George Robarts won First Prize in the 2025 Lotte Lenya Competition in New York, earning praise from the Kurt Weill Foundation as a “phenomenal actor” with “impeccable delivery”.

George made his recital debut at Leeds Song in 2023 alongside Graham Johnson, performing Schubert’s Die schöne Müllerin for a lecture recital on the cycle’s 200th anniversary. He has given recitals at the Holywell Music Room, Milton Court, and St Martin-in-the-Fields, with highlights including a semi-staged performance of Roxanna Panufnik’s cycle Private Joe with the Kyan Quartet.

With a gift for rapid-fire text and a “great penchant for comedy” (Opera Scene), George has performed Noël Coward and Tom Lehrer songs in concert alongside Graham Johnson and Dame Felicity Lott, and has devised original performances around the works of Kurt Weill and Bertolt Brecht.

Upon graduation from the Guildhall postgraduate programme in 2023, George made his stage debut in The Fairy Queen at Longborough, starring in a singer-actor multi-role as the Drunken Poet and Bottom. He has since covered Starveling A Midsummer Night’s Dream for Garsington Opera and played the Commissario and covered Barone Douphol La traviata for the Grange Festival. Other recent highlights include Junius The Rape of Lucretia for British Youth Opera, Noye Noye’s Fludde at St Edmundsbury Cathedral, Count Almaviva Le nozze di Figaro and Leporello Don Giovanni for Cumbria Opera, and Zweiter Diener Capriccioat the Edinburgh International Festival.

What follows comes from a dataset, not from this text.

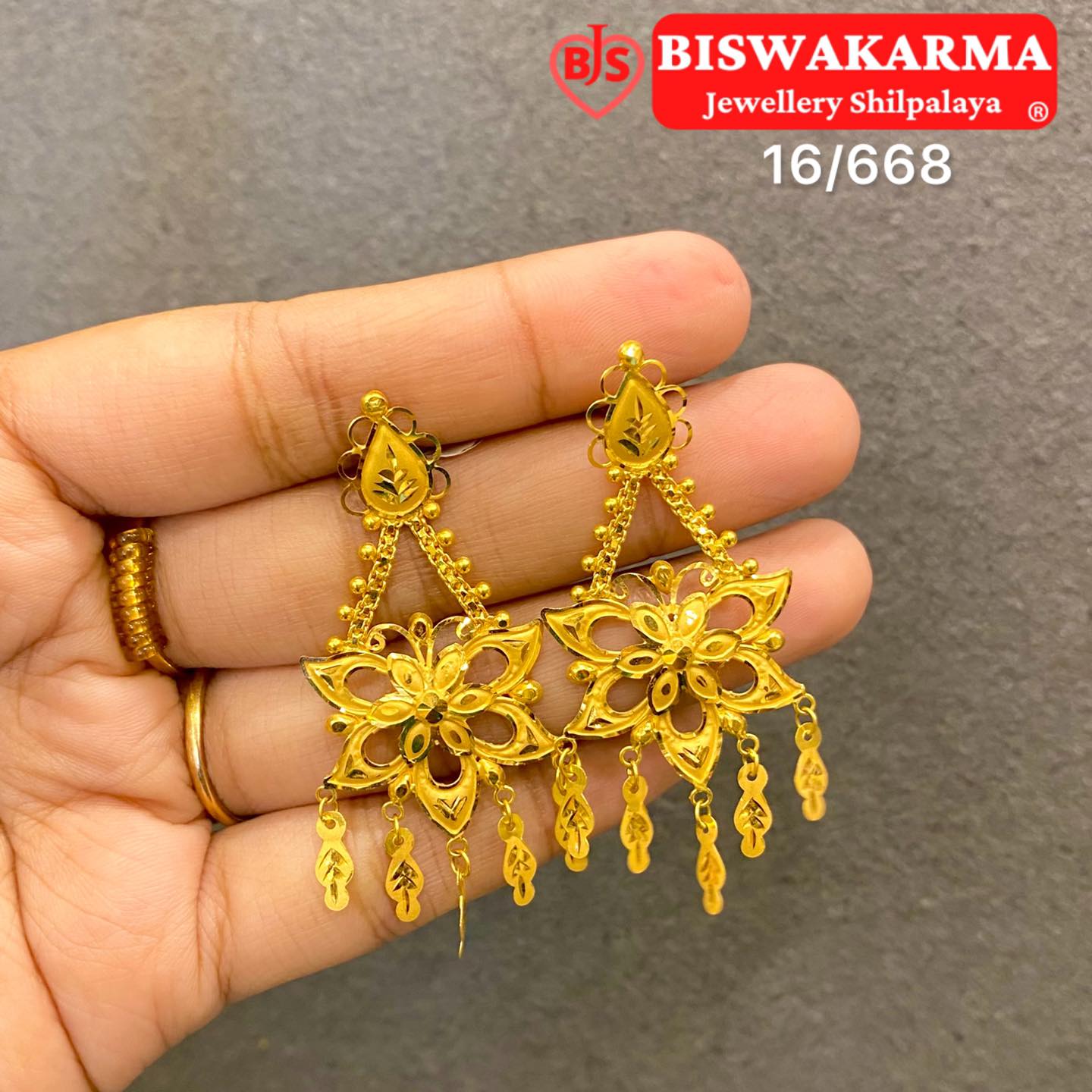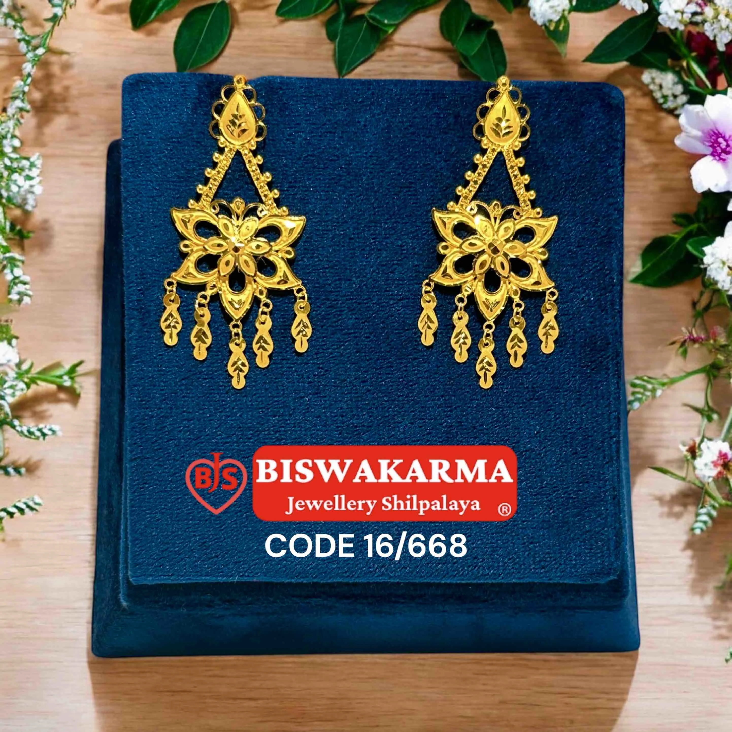 These earrings feature an ornate floral shape with cascading golden drops, creating a graceful butterfly-like silhouette. Perfect for festive and elegant occasions, they bring charm and sophistication to every outfit.

As a concert soloist, he has sung Five Mystical Songs at Smith Square, Petite Messe Solennelle at Queen’s Hall Edinburgh, St John Passion at St Bartholomew’s New York, St Matthew Passion at Dorchester Abbey, Christmas Oratorio at St Martin-in-the-Fields, Messiah at the Mayfield Festival, Requiems by Mozart, Brahms and Fauré, and the title role in Elijah.

An accomplished linguist and fluent German and Italian speaker, George’s debut opera translation The Revolting Maid (from Pergolesi’s La serva padrona) won the 2024 John Dryden Prize. A new production directed by Sophie Daneman premiered in London in 2025, thanks to a generous funding grant from the City Music Foundation, and was described by Dame Felicity Lott as “laugh-out-loud funny”.

George read Modern Languages at Oxford University, graduating with First-Class Honours in 2017. As an Academical Clerk in the Choir of New College under Edward Higginbottom and Robert Quinney, he sang on tours of the Vatican, France, Germany, the Netherlands, and the USA.